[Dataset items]
:::
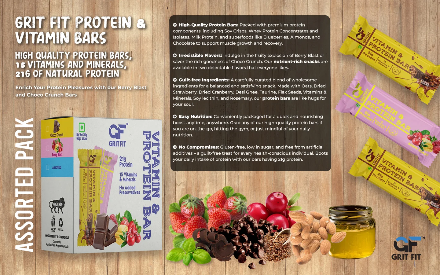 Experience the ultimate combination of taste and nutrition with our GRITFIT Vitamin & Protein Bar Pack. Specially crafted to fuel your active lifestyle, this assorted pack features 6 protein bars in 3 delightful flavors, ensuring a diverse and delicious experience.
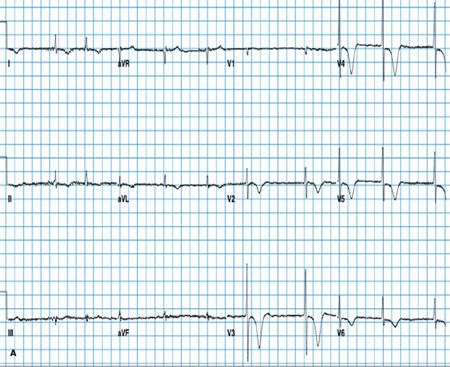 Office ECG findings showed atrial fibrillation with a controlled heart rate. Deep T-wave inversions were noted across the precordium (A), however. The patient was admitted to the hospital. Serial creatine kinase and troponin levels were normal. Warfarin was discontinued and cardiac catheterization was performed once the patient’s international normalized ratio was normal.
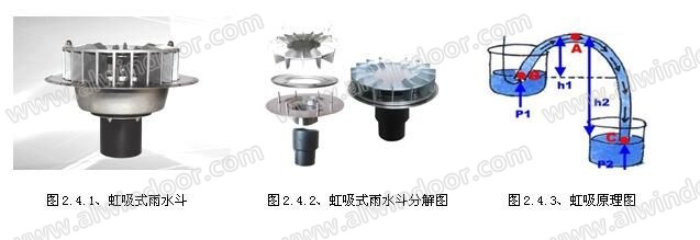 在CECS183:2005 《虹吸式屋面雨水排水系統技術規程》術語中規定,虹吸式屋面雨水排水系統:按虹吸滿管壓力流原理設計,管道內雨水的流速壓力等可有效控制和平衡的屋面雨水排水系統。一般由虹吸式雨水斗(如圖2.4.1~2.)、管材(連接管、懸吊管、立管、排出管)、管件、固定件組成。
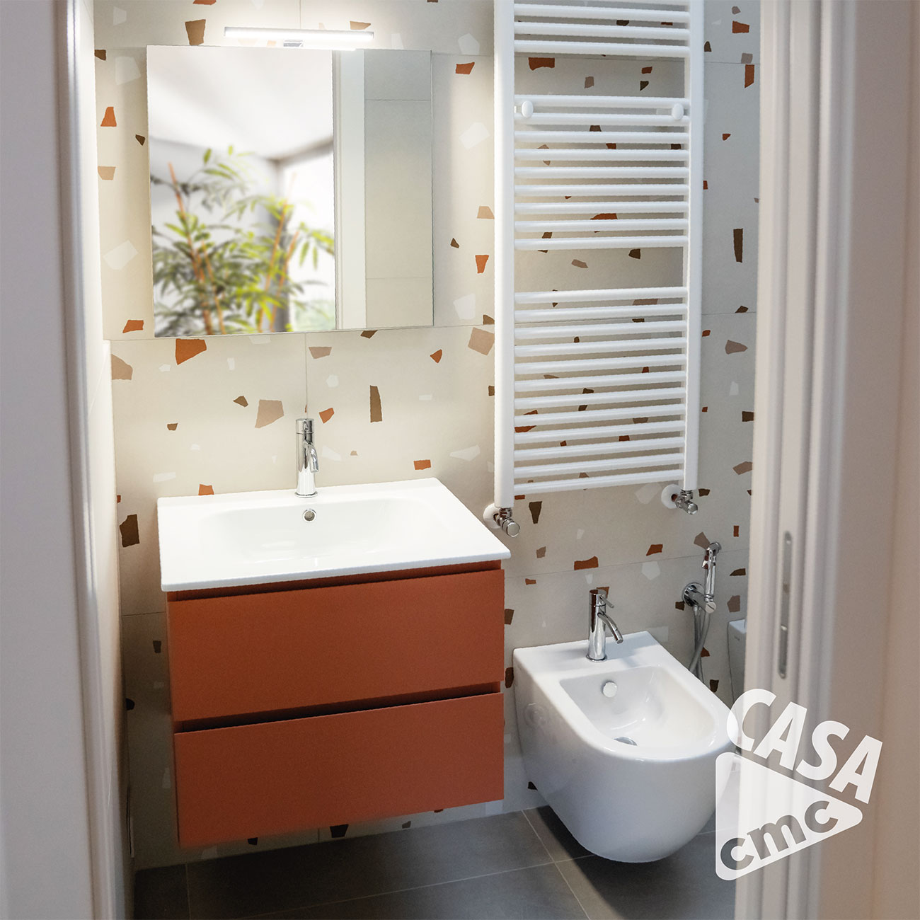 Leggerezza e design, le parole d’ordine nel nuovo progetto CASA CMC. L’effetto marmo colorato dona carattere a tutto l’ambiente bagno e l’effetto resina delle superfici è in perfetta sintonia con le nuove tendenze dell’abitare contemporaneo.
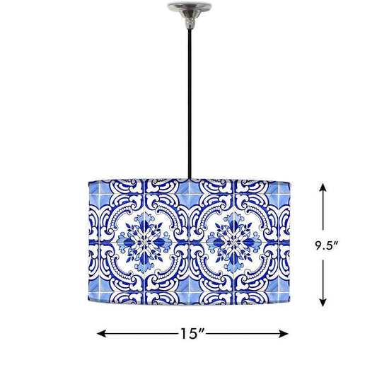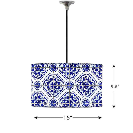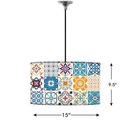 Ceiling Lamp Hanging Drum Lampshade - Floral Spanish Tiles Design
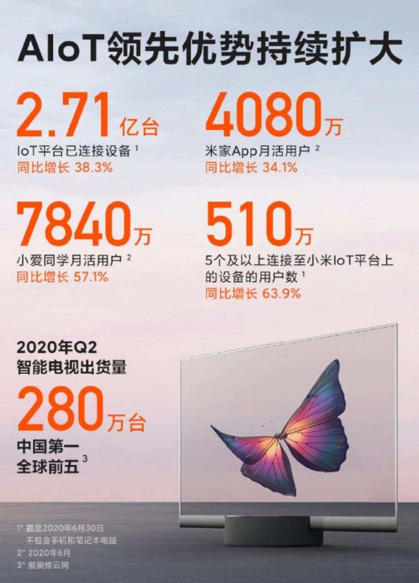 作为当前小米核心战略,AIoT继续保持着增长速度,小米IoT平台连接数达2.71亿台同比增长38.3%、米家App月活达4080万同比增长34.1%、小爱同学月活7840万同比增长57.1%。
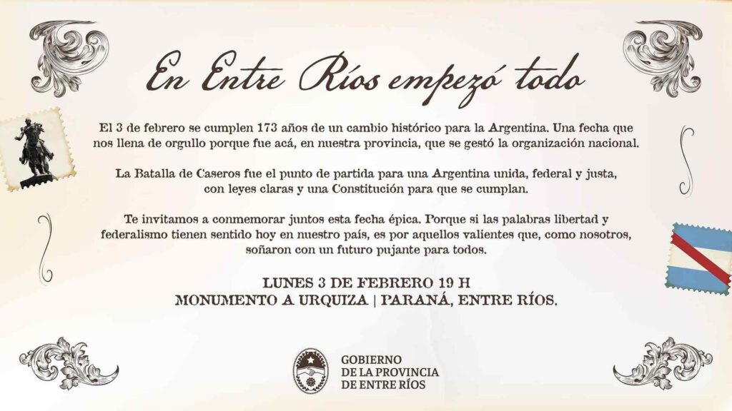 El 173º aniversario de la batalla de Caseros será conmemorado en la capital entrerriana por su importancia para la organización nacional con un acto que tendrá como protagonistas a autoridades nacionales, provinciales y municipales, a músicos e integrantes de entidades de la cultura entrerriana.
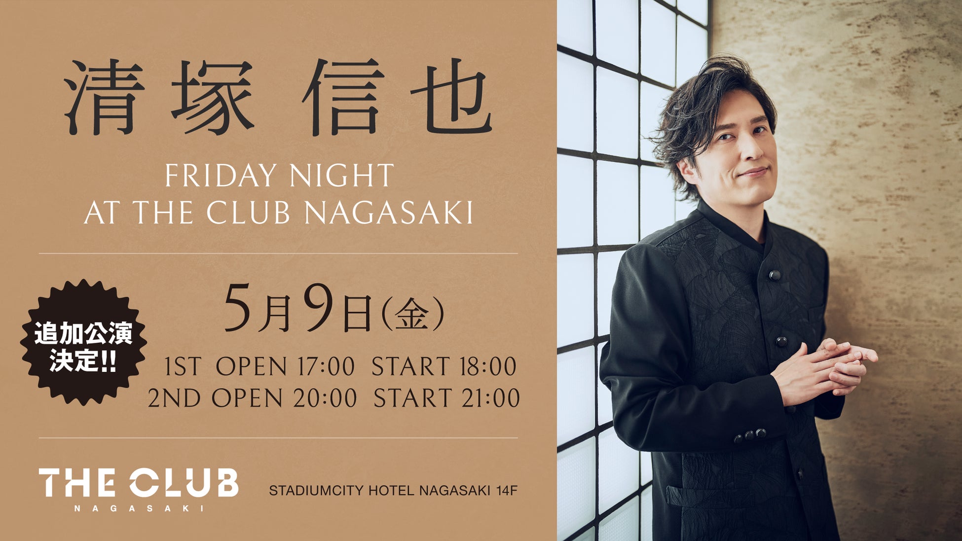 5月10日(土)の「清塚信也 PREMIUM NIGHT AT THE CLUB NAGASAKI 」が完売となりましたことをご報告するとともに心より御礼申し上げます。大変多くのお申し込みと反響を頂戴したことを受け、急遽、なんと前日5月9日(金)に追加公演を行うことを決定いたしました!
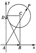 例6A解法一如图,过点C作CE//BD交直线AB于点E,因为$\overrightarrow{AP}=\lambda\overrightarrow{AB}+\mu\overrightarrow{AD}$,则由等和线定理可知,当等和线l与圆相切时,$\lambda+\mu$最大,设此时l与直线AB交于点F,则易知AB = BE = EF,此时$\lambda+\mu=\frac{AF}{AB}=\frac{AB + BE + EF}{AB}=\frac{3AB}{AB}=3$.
:::
_Your task_
Each entry above is to be written out again unchanged, apart from the pictures, which are left out.

_Output below_
 Experience the ultimate combination of taste and nutrition with our GRITFIT Vitamin & Protein Bar Pack. Specially crafted to fuel your active lifestyle, this assorted pack features 6 protein bars in 3 delightful flavors, ensuring a diverse and delicious experience.
 Office ECG findings showed atrial fibrillation with a controlled heart rate. Deep T-wave inversions were noted across the precordium (A), however. The patient was admitted to the hospital. Serial creatine kinase and troponin levels were normal. Warfarin was discontinued and cardiac catheterization was performed once the patient’s international normalized ratio was normal.
 在CECS183:2005 《虹吸式屋面雨水排水系統技術規程》術語中規定,虹吸式屋面雨水排水系統:按虹吸滿管壓力流原理設計,管道內雨水的流速壓力等可有效控制和平衡的屋面雨水排水系統。一般由虹吸式雨水斗(如圖2.4.1~2.)、管材(連接管、懸吊管、立管、排出管)、管件、固定件組成。
 Leggerezza e design, le parole d’ordine nel nuovo progetto CASA CMC. L’effetto marmo colorato dona carattere a tutto l’ambiente bagno e l’effetto resina delle superfici è in perfetta sintonia con le nuove tendenze dell’abitare contemporaneo.
 Ceiling Lamp Hanging Drum Lampshade - Floral Spanish Tiles Design
 作为当前小米核心战略,AIoT继续保持着增长速度,小米IoT平台连接数达2.71亿台同比增长38.3%、米家App月活达4080万同比增长34.1%、小爱同学月活7840万同比增长57.1%。
 El 173º aniversario de la batalla de Caseros será conmemorado en la capital entrerriana por su importancia para la organización nacional con un acto que tendrá como protagonistas a autoridades nacionales, provinciales y municipales, a músicos e integrantes de entidades de la cultura entrerriana.
 5月10日(土)の「清塚信也 PREMIUM NIGHT AT THE CLUB NAGASAKI 」が完売となりましたことをご報告するとともに心より御礼申し上げます。大変多くのお申し込みと反響を頂戴したことを受け、急遽、なんと前日5月9日(金)に追加公演を行うことを決定いたしました!
 例6A解法一如图,过点C作CE//BD交直线AB于点E,因为$\overrightarrow{AP}=\lambda\overrightarrow{AB}+\mu\overrightarrow{AD}$,则由等和线定理可知,当等和线l与圆相切时,$\lambda+\mu$最大,设此时l与直线AB交于点F,则易知AB = BE = EF,此时$\lambda+\mu=\frac{AF}{AB}=\frac{AB + BE + EF}{AB}=\frac{3AB}{AB}=3$.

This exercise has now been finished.